Anyways, I hope to use the clamp and trim off that with the shorter mid and possibly the tuner plate from the 200. Also like I said the coils and trim selenoids from the 2.4 are a perfect match to the "fat block" parts so I'm good there. The lower from the 200 doesn't have the pin in the drive shaft for sure so I'll probably use that lower and change the drive shafts. Unless they don't change over? I want to use the 200 cowl because it's the one piece bucket style as opposed to the clam shell style. The tuner plate on the older motors doesn't have the holes for the cowl mounts. I can drill and tap the older ones but if I can use the 200 tuner plate it would be easier.

if one has tha "pin" its called a pre-load gear case.. only accepts pre-load parts, won't interchange with anything else...they are justa a little weaker than later stuff but should be ok with tha 2.0.... use tha adapter and tuner from what your callin' a 200... no cowl bracket drillin' required.. :)

I also used the horizontal intake from this motor including the carb linkages.
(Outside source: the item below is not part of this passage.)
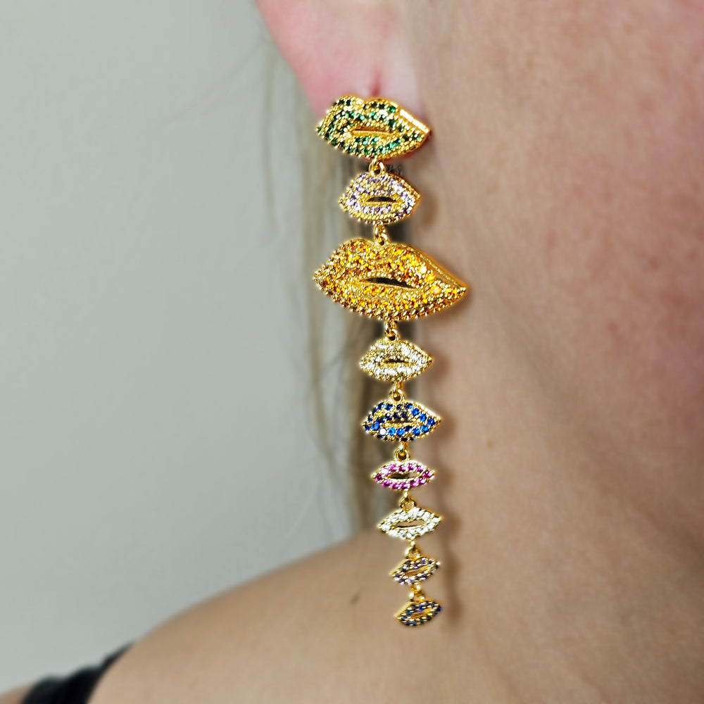 Aros bañados en oro con divertido diseño de labios en cascada, desigual, cada uno incrustado con cristales de colores que aportan brillo y estilo. Una pieza única, juvenil y atrevida, ideal para quienes buscan accesorios con personalidad y un toque chic.

I still have to figure out which carbs were for which motor but they all look the same externally so I should be able to use the 150 carbs, I haven't looked at the choke systems yet but I know the old carbs were different than the rest. The 200 has the oil tank and injection drive as well as all the electronics that might go with that. I don't think the 1987 had that but I'm not sure. I really don't mind running premix though and just capping that off. I don't really trust those injection systems anyways.

tha carbs should have a wh xx number stamped on top flange.. can go from there... if not, its to tha parts break down... pre mix...

I have a pretty good parts shop to call but they aren't really mechanics so they are great with cross referencing parts and figuring out what parts should be on certain motors but they have a hard time with figuring out what is compatible although they are happy to call their reps and ask. But I'd like to do as much research as I can myself before that.

Jimmbo:

I completely forgot they changed over the hp ratings. Yes that makes sense that the 175 would be almost the same as the 150 of the different rating system.

I guess the most important thing is the internals of the '95 135. Is there going to be a difference in ports or internal channels from that to the 1987 150 being as the '95 is considered a "fat block"? From the parts diagrams between the '95 135 vs '95 150 the only real difference is jetting and the heads. The 135 has 18787 heads and the 150 has 18488 heads. I was planning to shave the heads to compensate. I could be wrong but that's all I've noticed so far. Again this is between 1995 models not the 1987 150, I haven't been able to find as good a reference for that year.

your stuck with heads from '91 up (dowel pins).. tha internals are different even though all 2.0's 135/150's ('83 up) are piston port motors and ported tha same... tha difference comes with center mains from '91 up, went to larger O.D. then in '94 tha rods and pistons changed from bottom guided to top guided.. some older stuff can be run in tha fat block ('91 up) but that said, ya gotta really do ya home work ta know what will and/or whats gotta be done ta run that stuff!....

Thanks again for all the help and responses.